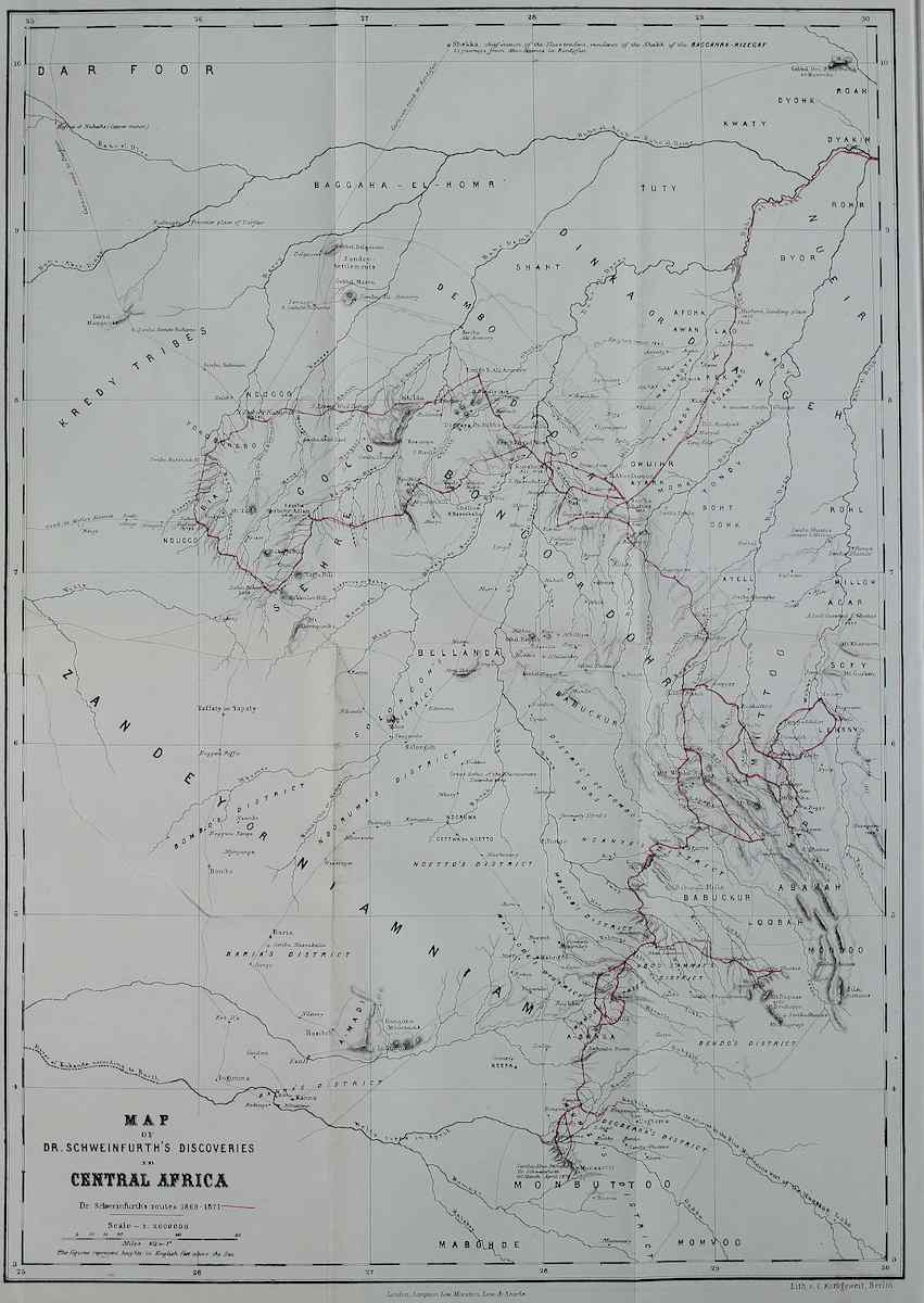 He was born at Riga in December 1836, and was the son of a merchant. He studied at Heidelberg and Berlin, where he took his degree as Doctor of Philosophy, and devoted himself from his boyhood to the science of botany. At his first school one of the masters was a son of a missionary in South Africa; he used often to describe the wonders of that country, and perhaps it was in this manner that his mind was turned towards that country which afterwards created his career. But the proximate cause was a collection of plants placed in his hands to arrange and describe. In 1860, the young Freiherr von Barnim, accompanied by Dr. Hartmann, had made a journey in the region of the Nile, where he had fallen a victim to the climate. His collections were brought home, and as Schweinfurth day after day studied these dry corpses, a yearning came upon him to go to[Pg vii] the land where he might behold them in all their bloom and their beauty, and where he might discover new species—those golden joys for the explorer. In 1863, he left Berlin for Egypt, and having botanised in the Delta of the Nile, travelled along the shores of the Red Sea, skirted the Highlands of Abyssinia, passed on to Khartoom, and finally, his purse being empty, returned to Europe, after an absence of two years and a half, with a splendid collection of plants. But soon he languished for Africa again, and submitted to the Royal Academy of Science a plan for the botanical exploration of the equatorial districts lying west of the Nile. His proposals were at once accepted; he received a grant of money from the Humboldt Institution, and, in 1868, he landed in Egypt. During three years he was absent in the heart of Africa, and, even before he had returned, his name had already become famous in Europe and America. Travelling, not in the footsteps of Baker, but in a westerly direction, he reached the neighbourhood of Baker’s lake, passing through the country of the Niam-Niam, and visiting the unknown kingdom of Monbuttoo. As an explorer, he stands in the highest rank, and merits to be classed with Mungo Park, Denham and Clapperton, Livingstone, Burton, Speke and Grant, Barth and Rohlfs. He can also claim two qualifications which no African traveller has hitherto possessed. He is a scientific botanist, and also an accomplished draughtsman. Park had some knowledge of botany, and Grant made an excellent collection, but both must be regarded as merely amateurs. In other works of African travel the explorer has given rude sketches to some professional artist, and thus the picture has been made; but Schweinfurth’s sketches were finished works of art. In a geographical sense, this work is of importance as a contribution to the problem[Pg viii] of the Nile; and ethnologically it sets at rest a point which has long been under dispute, viz., the existence of a dwarf race in Central Africa. These Pygmies are mentioned by the classical writers; much has been said about them by modern travellers on the Nile; Krapf saw one on the Eastern Coast; the old voyagers allude to their existence in the kingdom of the Congo, and Du Chaillu met them in Ashango Land. Yet still much mystery remained which, thanks to Schweinfurth, is now at an end. That such a race exists is now placed beyond a doubt; and it is probable that these dwarfs are no other than the Bushmen of South Africa, who are not confined, as was formerly supposed, to that corner of the continent, but also inhabit various remote recesses of Africa, and were probably the original natives of the country.
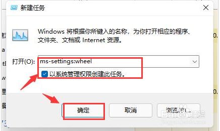 2.勾选以系统办理权限建立此使命选项,在完当作ms-settings:wheel输入后点击确定按钮
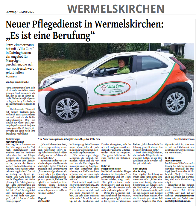 Telefon: 02193 7469940 Mail: info@pflegedienst-villa-cura.de Bürozeiten: Montag bis Freitag von 9.00 Uhr bis 14.00 Uhr

━━━━━━━━━━━━━━━━━━━━

Retype verbatim only the lines beginning with the line that contains "2.勾选以系统办理权限建立此" and ending with the last line of the listing above; pictures are to be excluded.

EXPECTED ANSWER
 2.勾选以系统办理权限建立此使命选项,在完当作ms-settings:wheel输入后点击确定按钮
 Telefon: 02193 7469940 Mail: info@pflegedienst-villa-cura.de Bürozeiten: Montag bis Freitag von 9.00 Uhr bis 14.00 Uhr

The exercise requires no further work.